Entangled photon pair generations enhanced via resonant metasurfaces. (a) Left: The schematic of spatially entangled signal and idler photon generation from a lithium niobate thin film covered by an SiO₂ grating and pumped by a continuous laser. Middle: Simulated transmission spectra of the metasurfaces, showing a single guided mode resonance at normal incidence and two resonances with a nonzero incident angle. Right: The real coincidence rate of collected photon pairs versus the aperture position, normalized to the maximum value. Adapted from [74]. (b) Left: The schematic of experimental setup for measuring the quantum state of entangled photon pairs encoded by polarization states. The sample is fabricated with its normal at 15° to the [100] crystalline direction of GaP crystal. Continuous-wave pump focused by lens L1 into the GaP film; photon pairs are collected by lens L2 and filtered from the pump by long-pass filters LP and bandpass filter BP. Nonpolarizing beam splitter BS sends the photons into arms A and B, each containing a quarter-wave plate (QWP), a half-wave plate (HWP), a polarizer (P), and a superconducting nanowire single-photon detector (SNSPD). A time tagger builds a histogram of arrival time differences. Right: Real and imaginary parts of the density matrix ρ of the photon pairs generated by the H- (V-) polarized pump, indicating that photon pairs are shifted from the highly entangled state with the horizontally polarized pump to nearly disentangled with the vertically polarized pump. Adapted from [79].

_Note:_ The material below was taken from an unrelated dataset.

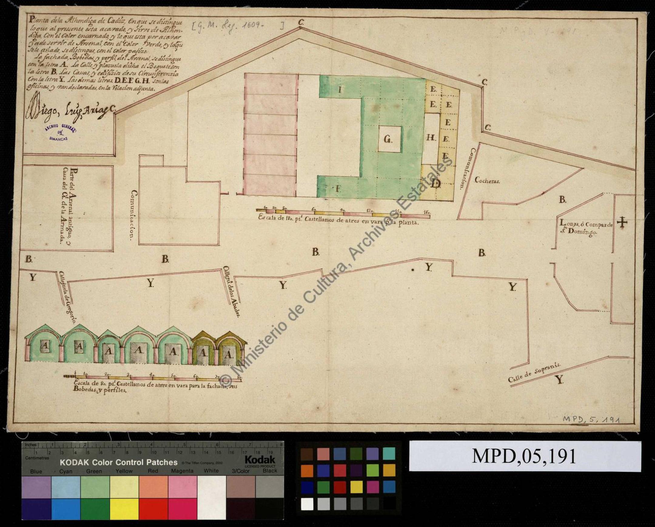 | 500 | ## | $aComprende además todas las calles adyacentes | 500 | ## | $aFecha tomado del "Catálogo de Mapas, Planos y Dibujos". AGS V.I, pag. 204 | 500 | ## | $aManuscrito firmado y rubricado por el autor | 500 | ## | $aEscala gráfica de 180 toesas [= 13,5 cm] | 500 | ## | $aRelación de las edificaciones que rodean la Alhóndiga identificadas por clave alfabética | 500 | ## | $aDibujado a tinta y coloreado con acuarela verde, rosa, amarilla y marrón | 500 | ## | $aFachada, bóvedas y perfiles: Escala [ca. 1:489], 80 pies castellanos [= 13,7 cm] |

To date, the entanglement of photon pairs from nonlinear metasurfaces via SPDC has been experimentally achieved in the momentum domain. The freedom of the polarization state is the next set required to be complemented. The polarization entanglement of the photon pairs can be tuned by changing the pump polarization in “flat-optics” [79]. demonstrates the generation of degenerate photo pairs via SPDC from 400-nm GaP film with its normal at 15° to the [100] crystalline direction, where the polarization state of photon pairs can be tuned via changing the pump polarization (shown in Figure 7(b)). Through independently selecting different polarization states in each beam splitter output port, the polarization state and the density matrices ρ of the generated pairs can be characterized by utilizing the two-qubit polarization tomography. From the reconstructed density matrices, it has been clearly demonstrated that the photon pairs are highly entangled with the horizontally polarized pump and nearly disentangled with the vertically polarized pump. By changing the pump polarization, the photon pairs are shifted from highly entangled states to almost disentangled states. These results indicate the capability of nonlinear metasurfaces on constructing numerous entangled photon pairs with manipulated polarization states, which can be encoded as qubits in quantum computing. However, the direct experimental achievement of constructing Bell states, as the maximally entangled two-qubit state, via nonlinear metasurfaces is remaining unimplemented.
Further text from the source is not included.